Letter to William Charles Jarvis, Sept. 28, 1820

"He who knows nothing is nearer to truth than he whose mind is filled with falsehoods and errors. He who reads nothing will still learn the great facts, and the details are all false."

Letter to John Norvell, June 11, 1807

"He who receives an idea from me, receives instruction himself without lessening mine; as he who lights his taper at mine, receives light without darkening me."

Letter to Isaac McPherson, Aug. 13, 1813

"If a nation expects to be ignorant and free, in a state of civilization, it expects what never was and never will be."

Letter to Colonel Charles Yancey, Jan. 6, 1816

"Books may be classed from the faculties of the mind."

Thomas Jeffersons Catalogue of Books, 1783

"Besides the comfort of knowledge, every science is auxiliary to every other."

Letter to Thomas Mann Randolph, Aug. 27, 1786

"Ours are the only farmers who can read Homer."

Letter to St.

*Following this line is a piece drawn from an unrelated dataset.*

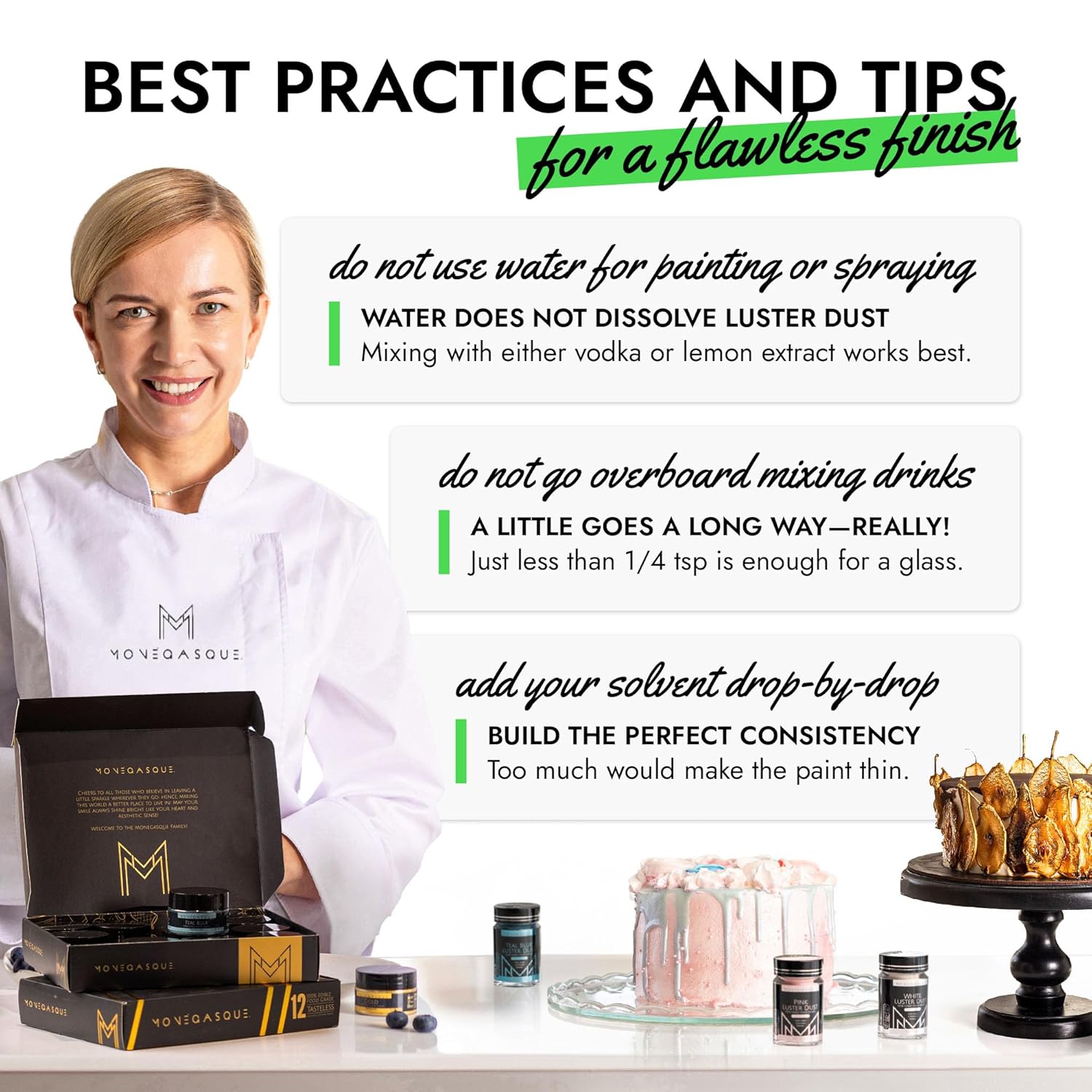 - EASY TO USE: Our green luster dust is incredibly versatile. Apply with a wet brush, airbrush, or dry brush, and even mix into beverages. Achieve professional-looking results effortlessly at home, whether decorating halloween cakes or adding shimmer to cocktails.

John de Crvcoeur, Jan. 15, 1787

"When men of sober age travel, they gather knowledge which they may apply usefully for their country."

Letter to Peter Carr, Aug. 10, 1787

"The field of knowledge is the common property of all mankind."

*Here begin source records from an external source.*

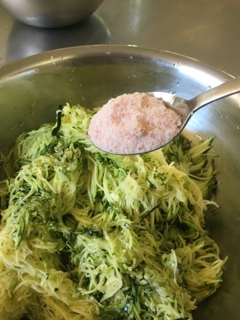 Grate them by hand or with your favourite grating machine, add salt and set aside for a couple of hours.
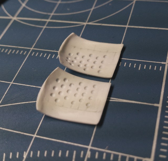 Благодарю за содействие по части предоставления ниш, но вынужден великодушно отказаться. Дело в том, что "вписать" их в существующую ситуацию вряд ли было возможным, это; перепил, смещения, углы, зазоры, несовпадению по абрису и.т.д. Поэтому мною был принят вариант сделать их с нуля по месту, ну и конечно с допустимой долей упрощений для данного масштаба. Естественно никакого видимого двигателя не должно быть. Для начала был изготовлен деревянный пуансон и по нему вытянуты из пластика перфорированные защитные экраны.
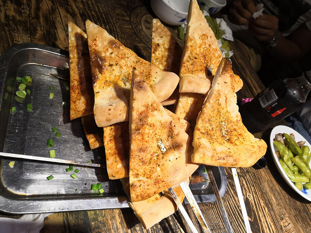 新源县和在酒店电梯认识的一对CP出来搭伙吃饭。烤馕,烤羊肉串因为太好吃没来得及拍完就吃没了。
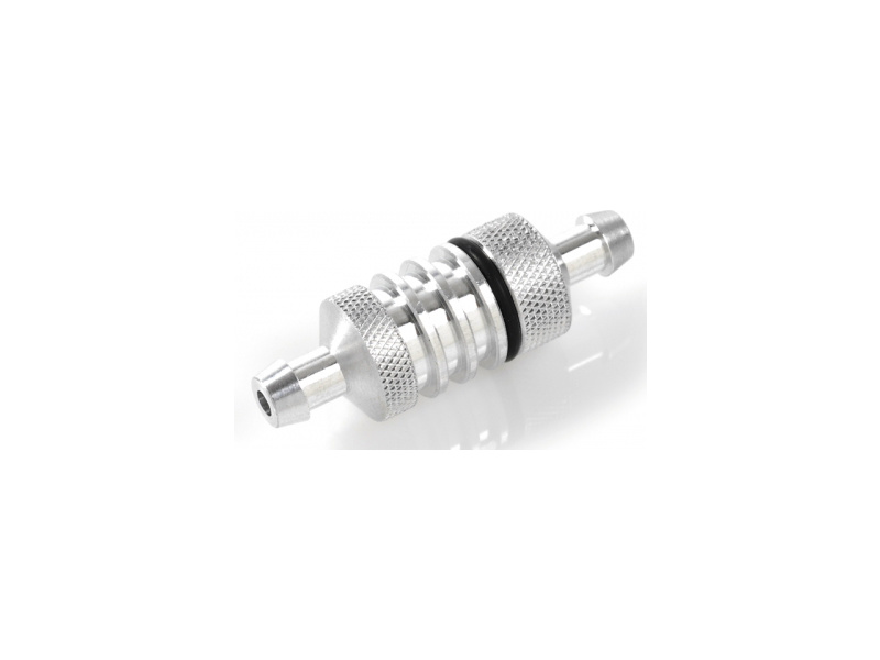 Palivový filtr car hliníkový s kovovým jemným sítkem. Rozměry: délka celk. 31mm, průměr 10mm, hadicová koncovka 5/4mm, délka těla filtru cca 18mm.

Letter to Henry Dearborn, June 22, 1807

"Letters are not the first, but the last step in the progression from barbarism to civilization."

Letter to James Pemberton, June 21, 1808

"The boys of the rising generation are to be the men of the next, and the sole guardians of the principles we deliver over to them."

Letter to Samuel Knox, Feb. 12, 1810

"No one more sincerely wishes the spread of information among mankind than I do, and none has greater confidence in its effect towards supporting free and good government."

Letter to the Trustees of the Lottery for East Tennessee College, May 6, 1810

"The wise know their weakness too well to assume infallibility: and he who knows most, knows best how little he knows."

Extract from Thomas Jeffersons Batture Pamphlet, Feb. 25, 1812

"Enlighten the people generally, and tyranny and oppressions of body and mind will vanish like evil spirits at the dawn of day."

Letter to Pierre Samuel Du Pont de Nemours, April 24, 1816

"I look to the diffusion of light and education as the resource most to be relied on for ameliorating the condition, promoting the virtue and advancing the happiness of man."

Letter to Cornelius C. Blatchly, Oct. 21, 1822

"The qualifications for self government in society are not innate. They are the result of habit and long training."